### Aim of the task
Please repeat exactly the lines from the one containing "[CA] 감사한인교회에서 드럼 사역자를 모십니다." through the last line of the records below, both included, and leave out any pictures.

### Input records
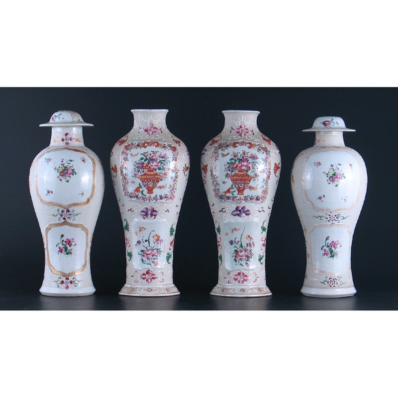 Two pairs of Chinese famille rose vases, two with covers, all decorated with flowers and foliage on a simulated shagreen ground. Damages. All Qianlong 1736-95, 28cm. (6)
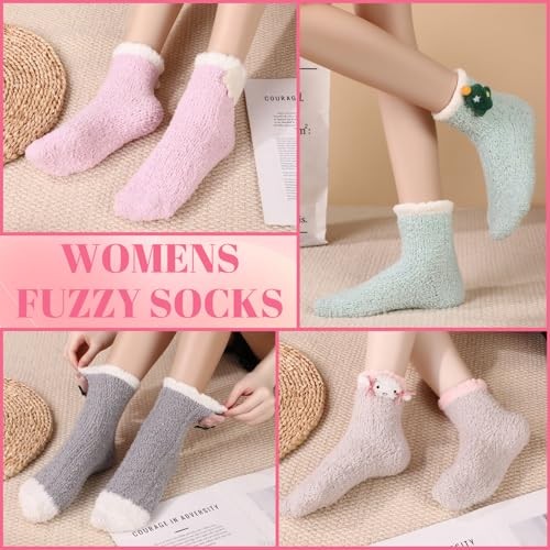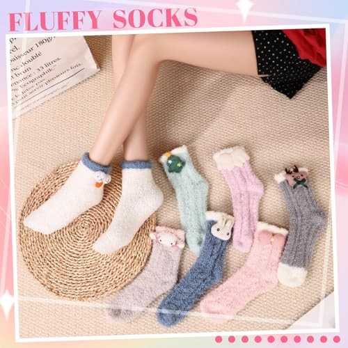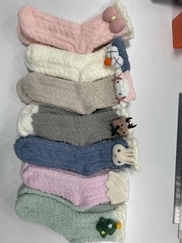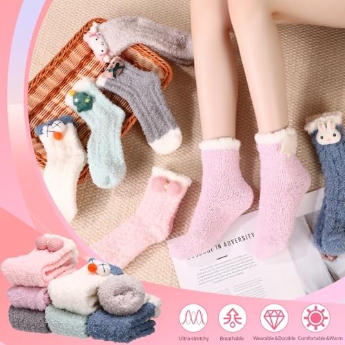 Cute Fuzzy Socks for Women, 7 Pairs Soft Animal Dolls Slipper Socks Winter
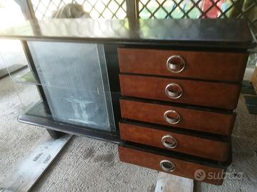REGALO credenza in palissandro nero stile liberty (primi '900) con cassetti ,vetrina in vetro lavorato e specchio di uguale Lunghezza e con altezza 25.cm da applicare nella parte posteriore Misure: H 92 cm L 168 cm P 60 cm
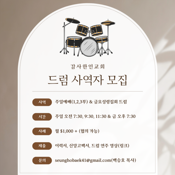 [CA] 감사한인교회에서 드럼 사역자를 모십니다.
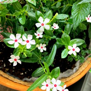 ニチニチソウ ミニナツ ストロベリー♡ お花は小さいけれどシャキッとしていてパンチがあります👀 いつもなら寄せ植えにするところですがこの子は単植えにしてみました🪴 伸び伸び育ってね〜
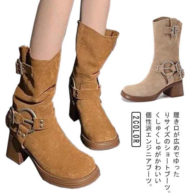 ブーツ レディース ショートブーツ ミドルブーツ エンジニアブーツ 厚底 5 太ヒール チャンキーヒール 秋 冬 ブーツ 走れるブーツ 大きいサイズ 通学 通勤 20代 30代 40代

### Result
 [CA] 감사한인교회에서 드럼 사역자를 모십니다.
 ニチニチソウ ミニナツ ストロベリー♡ お花は小さいけれどシャキッとしていてパンチがあります👀 いつもなら寄せ植えにするところですがこの子は単植えにしてみました🪴 伸び伸び育ってね〜
 ブーツ レディース ショートブーツ ミドルブーツ エンジニアブーツ 厚底 5 太ヒール チャンキーヒール 秋 冬 ブーツ 走れるブーツ 大きいサイズ 通学 通勤 20代 30代 40代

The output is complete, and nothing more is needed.